From left: Andrea Despot, chair of the EVZ Foundation; Joseph Schuster, president of Germany's Central Council of Jews; and Felix Klein, Germany's federal antisemitism commissioner, pose with placards stating "We remember," in reference to International Holocaust Remembrance Day in Berlin, Jan. 25, 2024. Photo by Sean Gallup/Getty Images.
From left: Andrea Despot, chair of the EVZ Foundation; Joseph Schuster, president of Germany's Central Council of Jews; and Felix Klein, Germany's federal antisemitism commissioner, pose with placards stating "We remember," in reference to International Holocaust Remembrance Day in Berlin, Jan. 25, 2024. Photo by Sean Gallup/Getty Images.

The 4,782 documented instances of Jew-hatred in Germany in 2023—2,787 of which happened after Oct. 7—represent an 80% increase over 2022, according to a report from the Federal Association of Departments for Research and Information Centers on Antisemitism.

On average, about 33 antisemitic incidents occurred per day in Germany from Oct. 7 until the end of the year, compared to a little more than seven daily from Jan. 1 to Oct. 7, 2023, according to the new data, released on Tuesday by the Bundesverband RIAS, which is funded by the German state.

Two-thirds of the instances that involved “extreme violence, assaults and threats” also took place after Oct. 7, per the study.

“The antisemitic massacres and terrorist attacks in Israel motivate people in Germany to engage in antisemitic behavior,” said Bianca Loy, research associate at the Bundesverband RIAS and co-author of the study. “Many well-known antisemitic stereotypes have been updated and applied to the Hamas massacres, and the war in Israel and Gaza.”

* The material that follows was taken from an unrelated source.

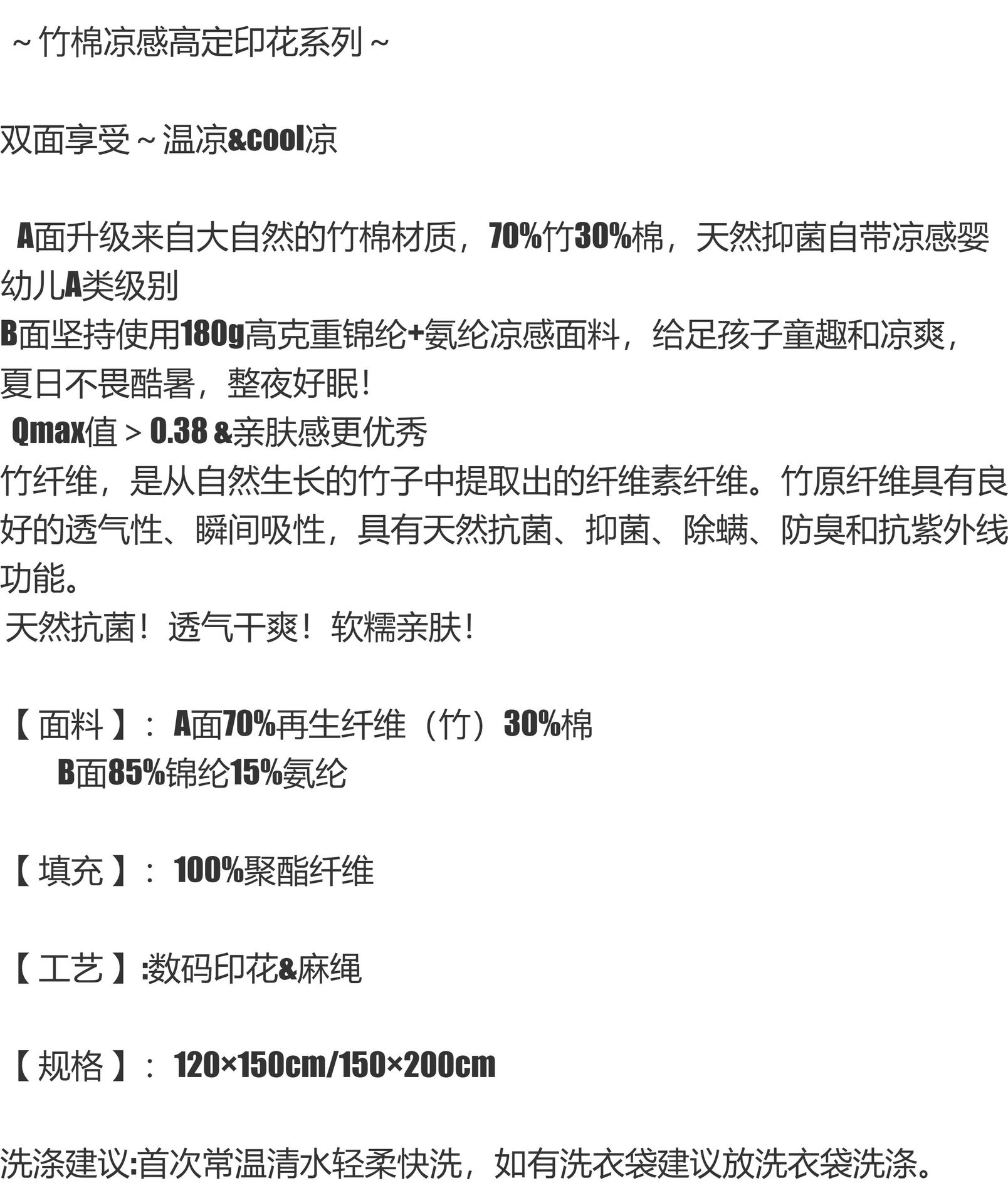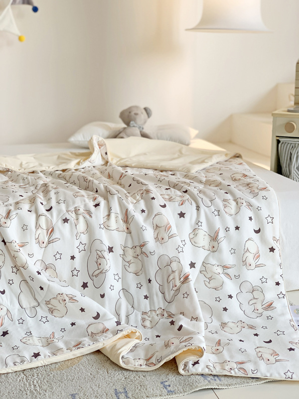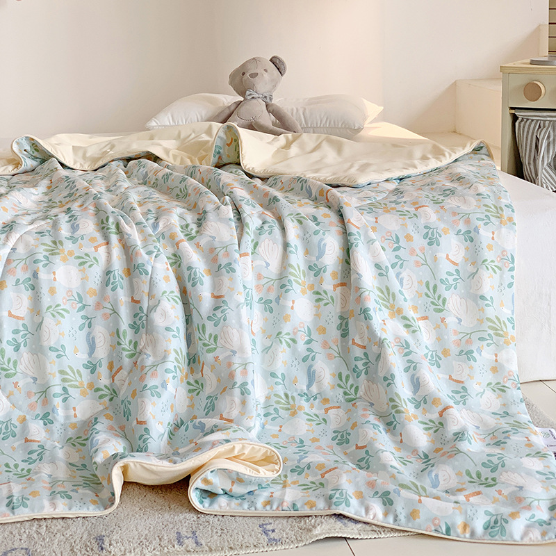 여름 귀여운 트로이 팬더 아기 대나무 면 섬유 여름 시원한 이불 어린이 유치원 시원한 작은 시원한 피부 에어컨 이불

Owing to this, she added, “violence against Jews has been justified, trivialized or denied.”

Loy called the situation, in which many have to hide their Jewish identities, “alarming and unacceptable.”

“The unprecedented rise in antisemitic incidents must be understood as a wake-up call,” stated Benjamin Steinitz, managing director of the Bundesverband RIAS. “The state has the responsibility to ensure that Jews can safely participate in civic life.”